Uma das vantagens de usar esse tipo de vírus como vetor está no fato de que o material genético é encapsulado dentro da partícula do vírus e relativamente bem protegido do ambiente externo, tornando a vacina mais estável e fácil de armazenar do que o Biontech baseado em RNA / Pfizer e Moderna.

Neste último, o RNA é “empacotado” em nanopartículas lipídicas, resultando aparentemente em um produto menos estável, exigindo menores temperaturas de armazenamento.

Embora algumas das vacinas Covid-19 sejam projetadas para funcionar com uma única dose, há motivos para acreditar que o uso de uma segunda injeção de “reforço” geralmente fornece um grau de proteção muito maior.

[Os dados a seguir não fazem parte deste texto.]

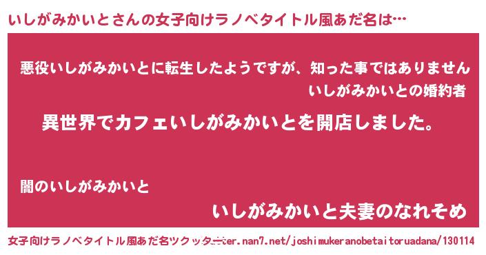 | ヘコむあだ名 | 『いしがみかいと(遠い目)』『酢こんぶ』 |
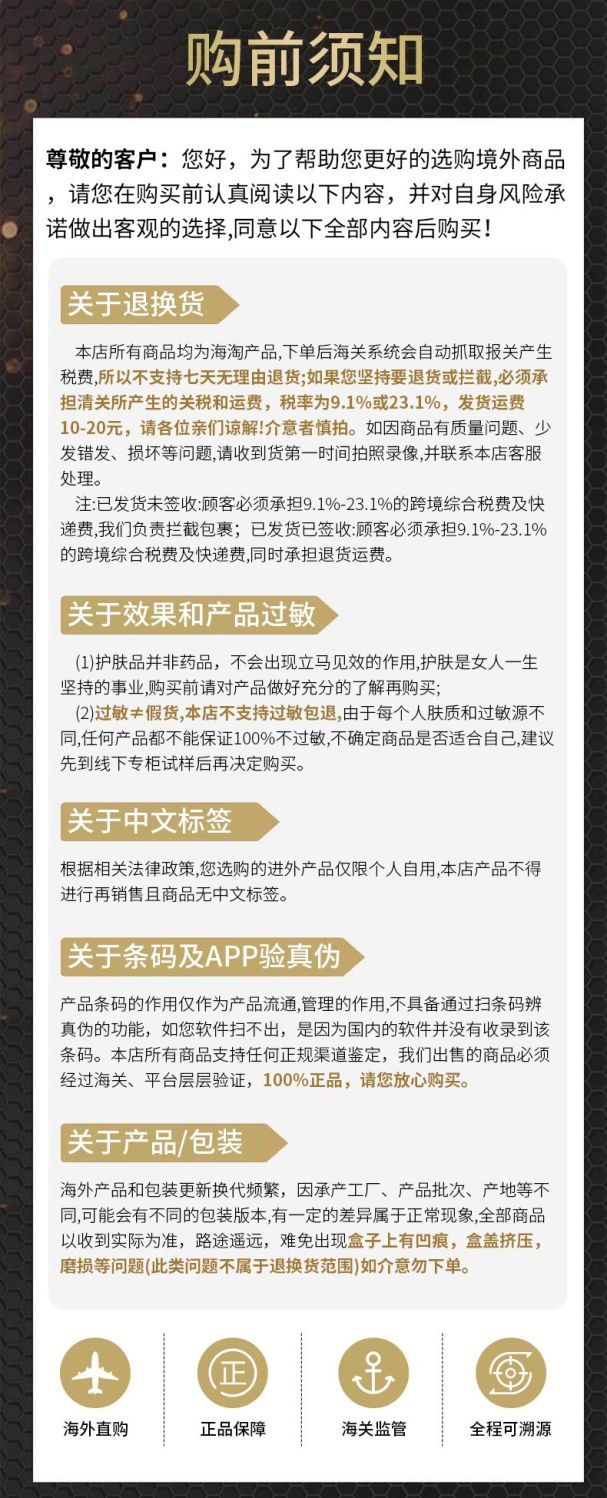 商品由保税区正规清关发货,购买后已代付税金,非质量问题不支持退货退款。
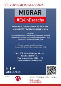 El próximo 27 de noviembre tendrá lugar a las 17.00h en el Salón de Grados Minor el coloquio Migrar #EsUnDerecho, organizado por la Clínica Jurídica de Acción Social de la Facultad. Se adjunta cartel informativo.
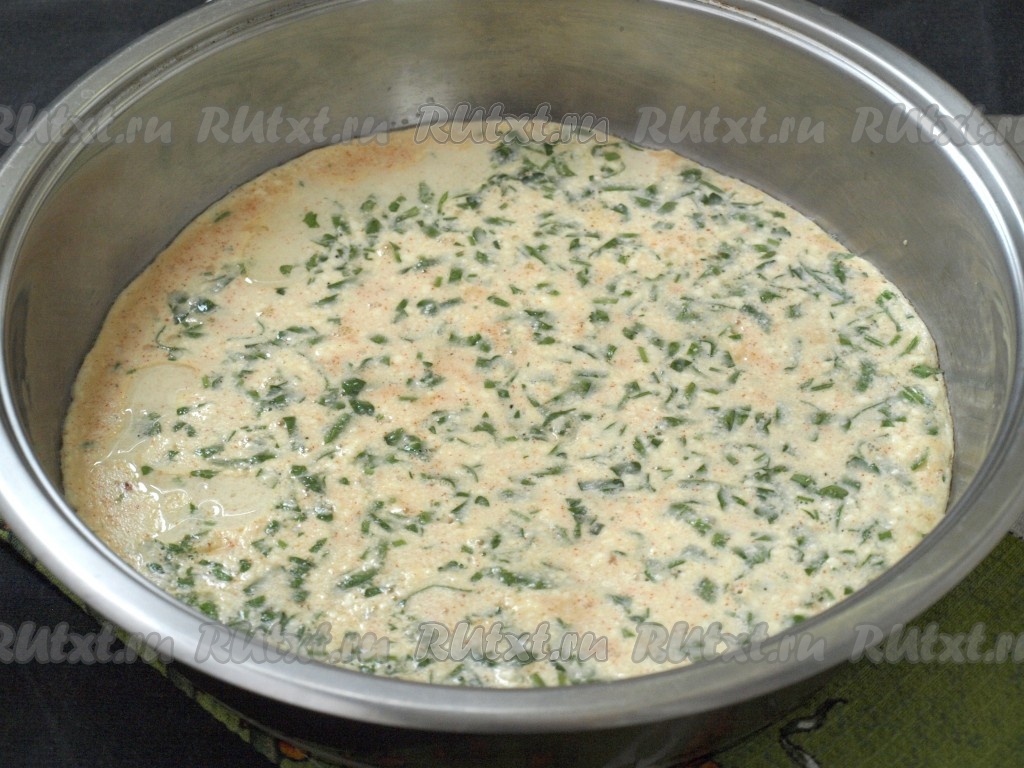 Налить к яйцам молоко. Петрушку мелко нарезать и также добавить в яичную смесь. Ещё раз размешать.
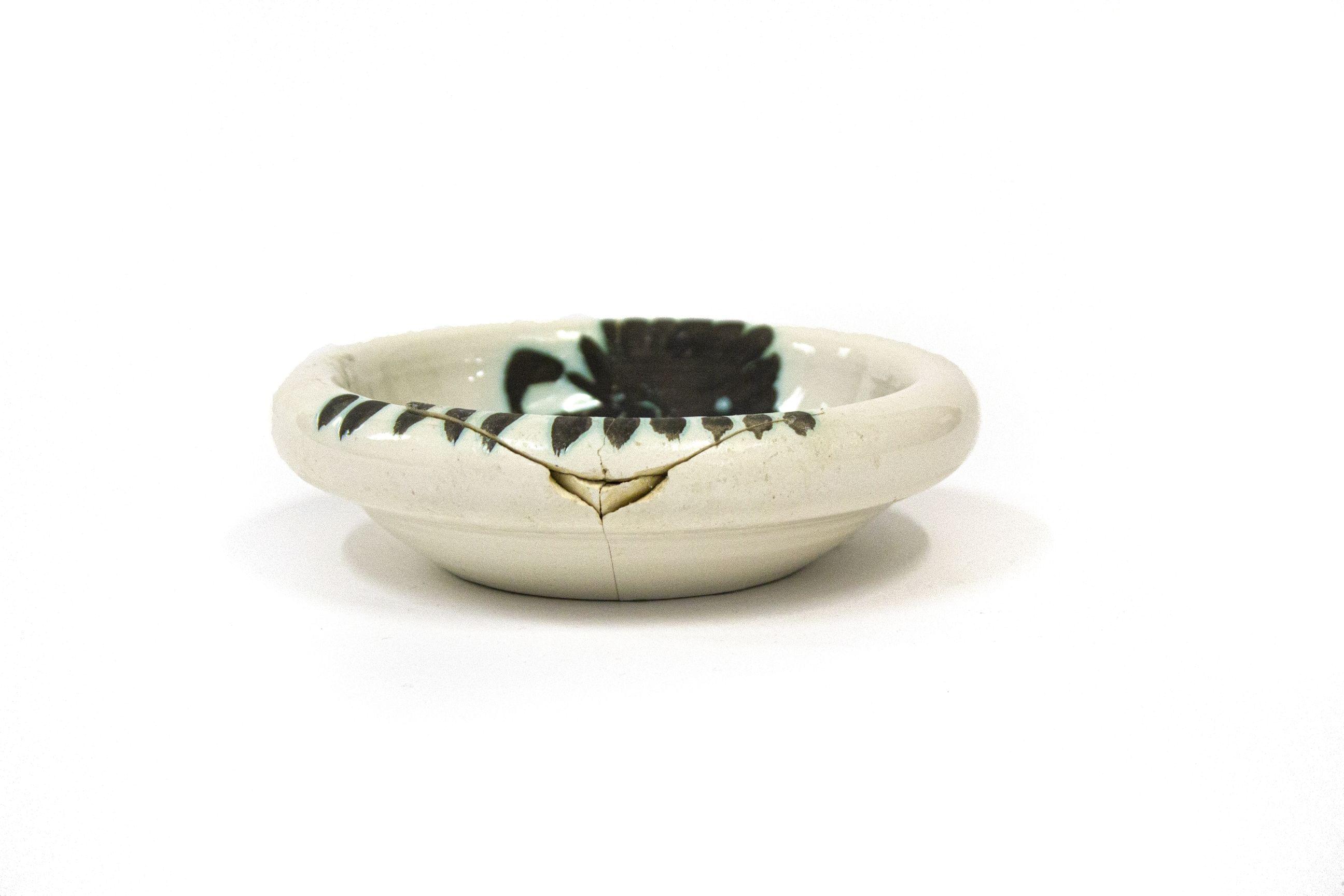 Bol tête de taureau, terre de faïence blanche, décor à l'engobe...
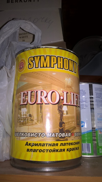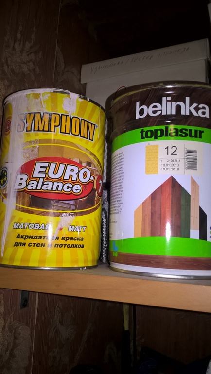 Простите что так долго) У меня даже баночки остались. Белинкой стены в белый красили, очень интересно получается, текстура дерева видна. А коллировали другую в желтой баночки. Прям в магазине выбрали цвет.Они его в банку добавляли и получалось то что нам хотелось)
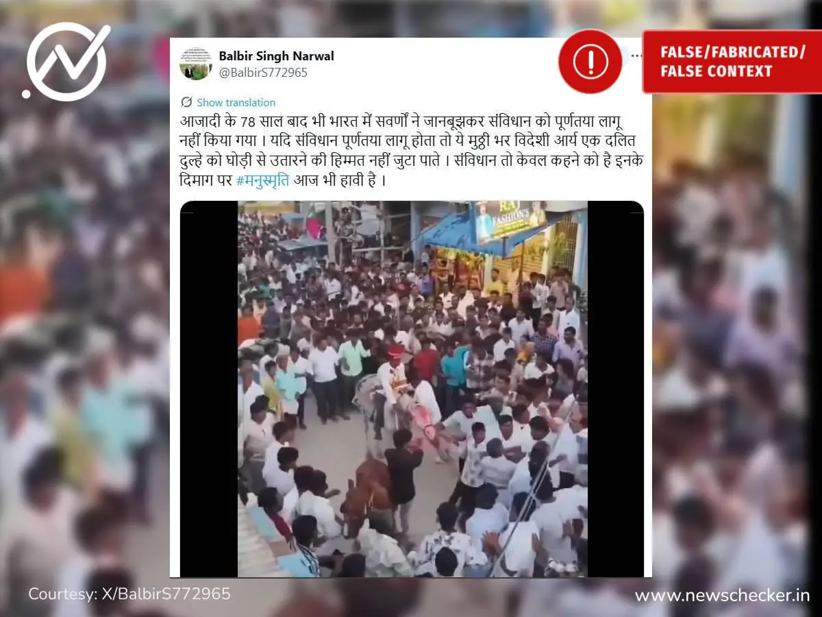 सोशल मीडिया पर एक वीडियो शेयर कर दावा किया गया कि ऊंची जाति के लोगों ने एक दलित दूल्हे को घोड़ी से उतार दिया। हमारी जांच में यह दावा गलत साबित हुआ। फैक्ट चेक यहां पढ़ें।
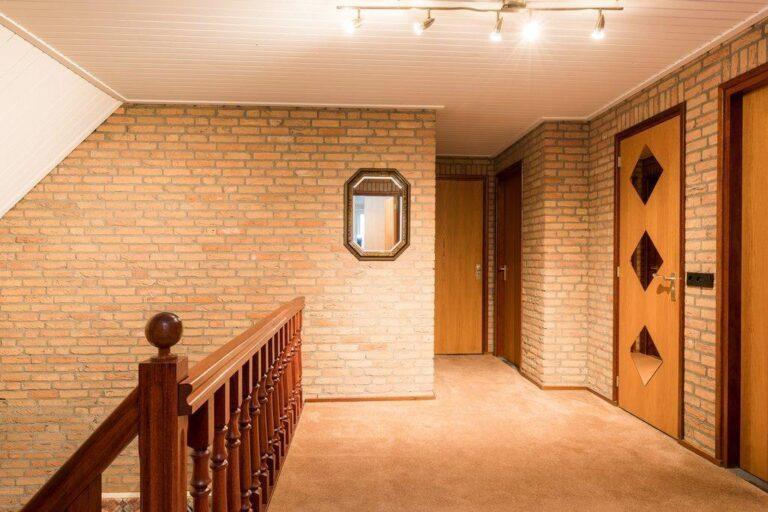 We parkeren de auto op de lekker ruime oprit en kiezen de entree aan de voorzijde dit keer. Die brengt ons in de ruime hal met garderobe, trappenhuis en fraaie vide. De hal geeft toegang tot de keuken en living, kelder en trap naar verdieping.
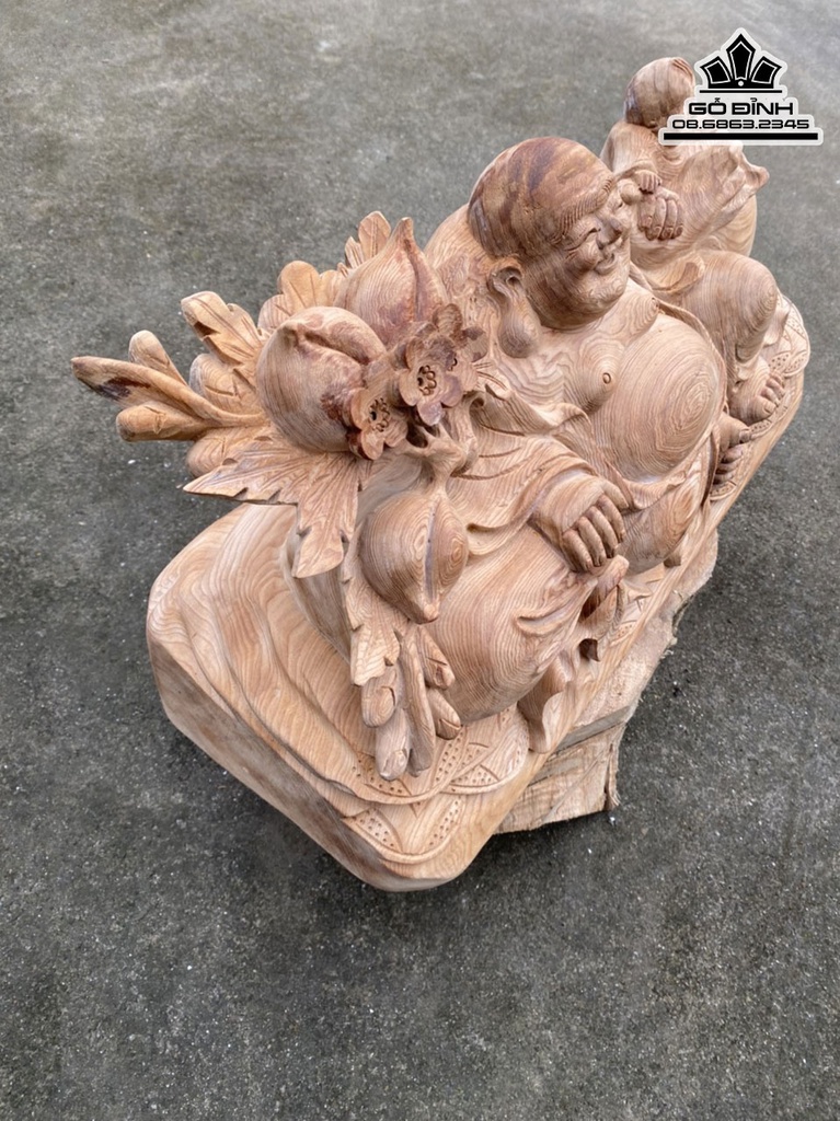 Tượng Phật Di Lặc Gỗ Ngọc Am Cao 26 Ngang 52 Sâu 21 (cm)
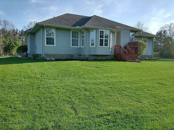 This beautiful home consists of a ranch style with high ceilings, and it is situated on a spacious countryside acreage. There is ample room for an additional building on the property if desired. A new roof was installed in July 2023. The main level consists of a master suite on one side of the living area and two bedrooms plus a full bathroom on the opposite side. In the middle there is a large living room, kitchen, laundry room, and front office. The basement was finished in 2017, adding an extra-large recreation room, a bedroom with an egress window, another bathroom, and plenty of storage space.
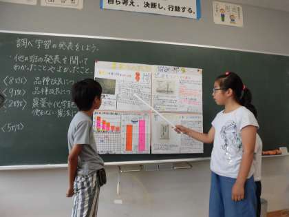 社会科で、米作りについて課題を決めて班ごとに調べ学習をしています。

Nesse contexto, as vacinas que utilizam um vetor de vírus encontram o problema de o organismo poder desenvolver uma certa imunidade ao próprio vetor, tornando uma segunda injeção menos eficaz.

O Sputnik-V contorna esse problema usando uma variante diferente do vírus vetorial para o reforço. Como a vacina chinesa Convidicea utiliza ainda outra variante, pode-se obter um efeito aprimorado semelhante usando-a junto com o Sputnik V como reforço ou como primeira injeção. Evidentemente, isso está atualmente sob consideração.

Com certeza, as empresas russas e chinesas de vacinas e institutos de pesquisa estão cooperando de várias maneiras com contrapartes em todo o mundo, inclusive nos Estados Unidos e na Europa.

Mesmo permitindo a competição inevitável e a diplomacia da vacina, o desenvolvimento das vacinas Covid-19 se beneficiou de um grau extraordinário de cooperação internacional em face de um inimigo comum e letal.